**EXERCISE**
Copy the following data exactly and drop the pictures.

**PROVIDED MATERIAL**

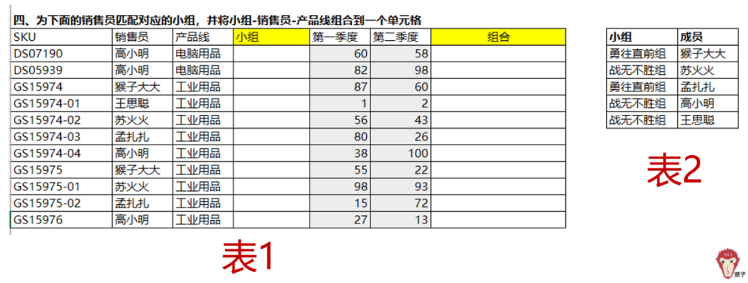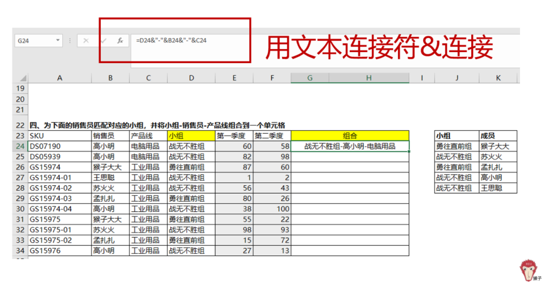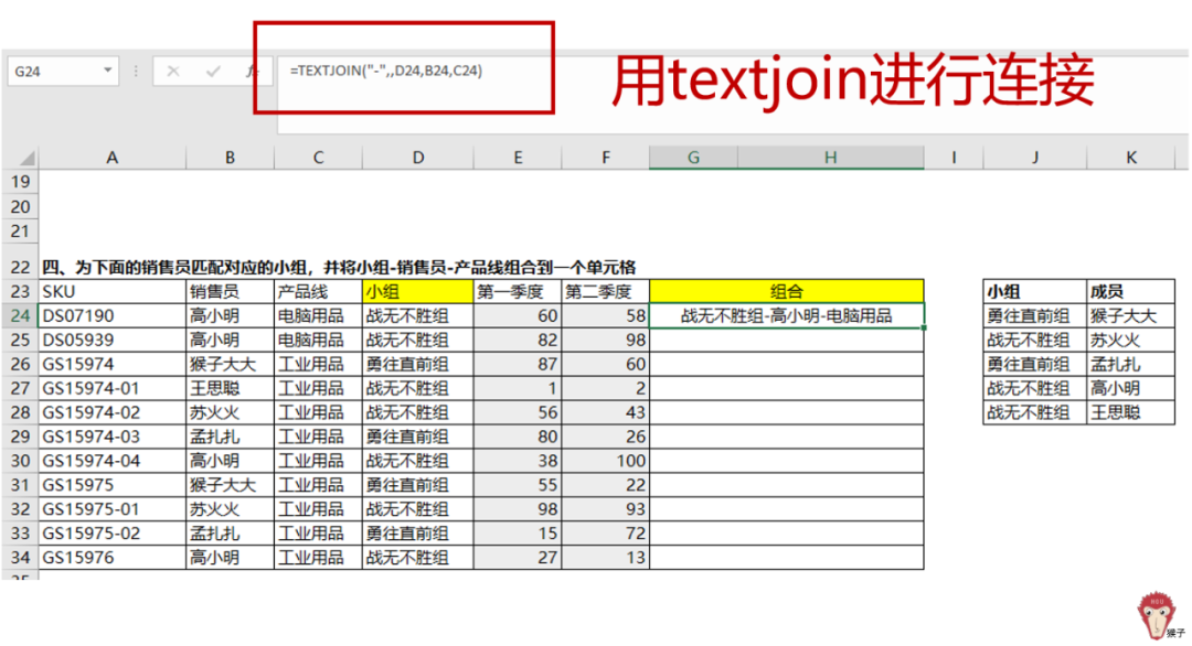 问题4:将销售员与相应的小组配对,并将小组、销售员及产品线整合到同一个单元格内
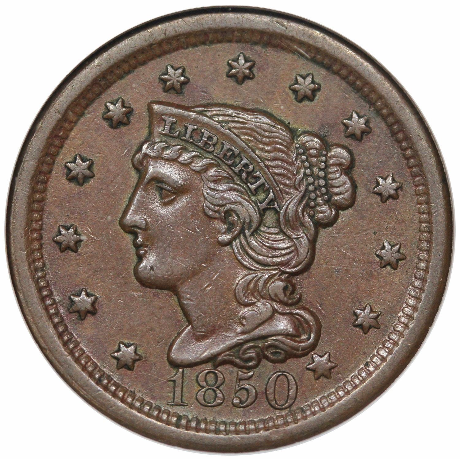 1850 Braided Hair Large Cent, N-1, R2, NGC AU58, ex Reiver.
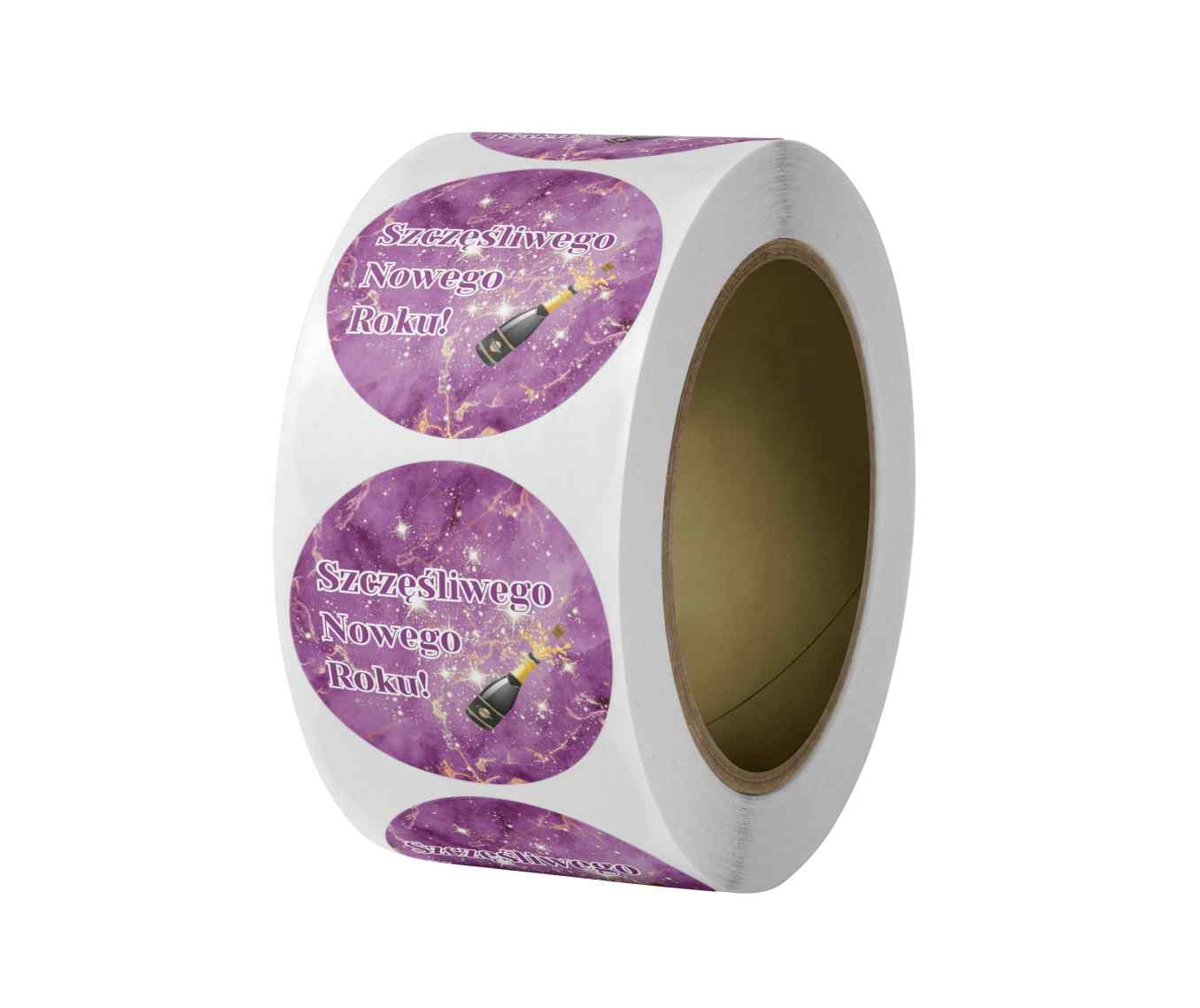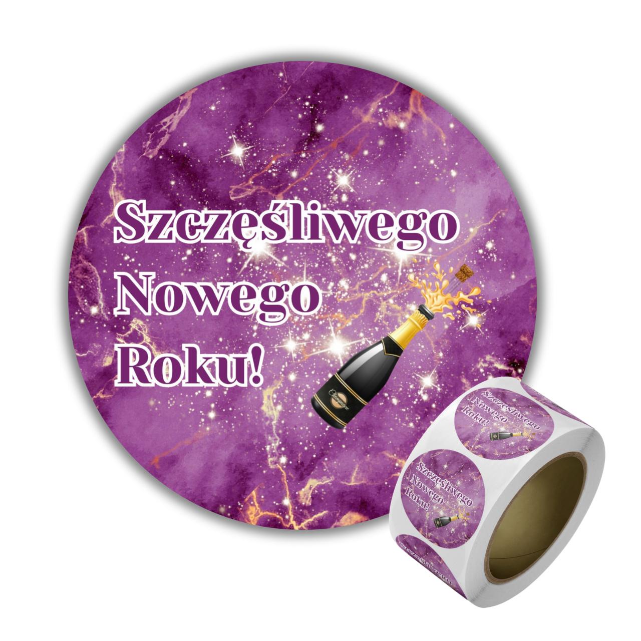Naklejki Sylwestrowe – Szczęśliwego Nowego Roku, fioletowe – Ø 50 mm

**RESPONSE FOR THIS EXERCISE**
 问题4:将销售员与相应的小组配对,并将小组、销售员及产品线整合到同一个单元格内
 1850 Braided Hair Large Cent, N-1, R2, NGC AU58, ex Reiver.
Naklejki Sylwestrowe – Szczęśliwego Nowego Roku, fioletowe – Ø 50 mm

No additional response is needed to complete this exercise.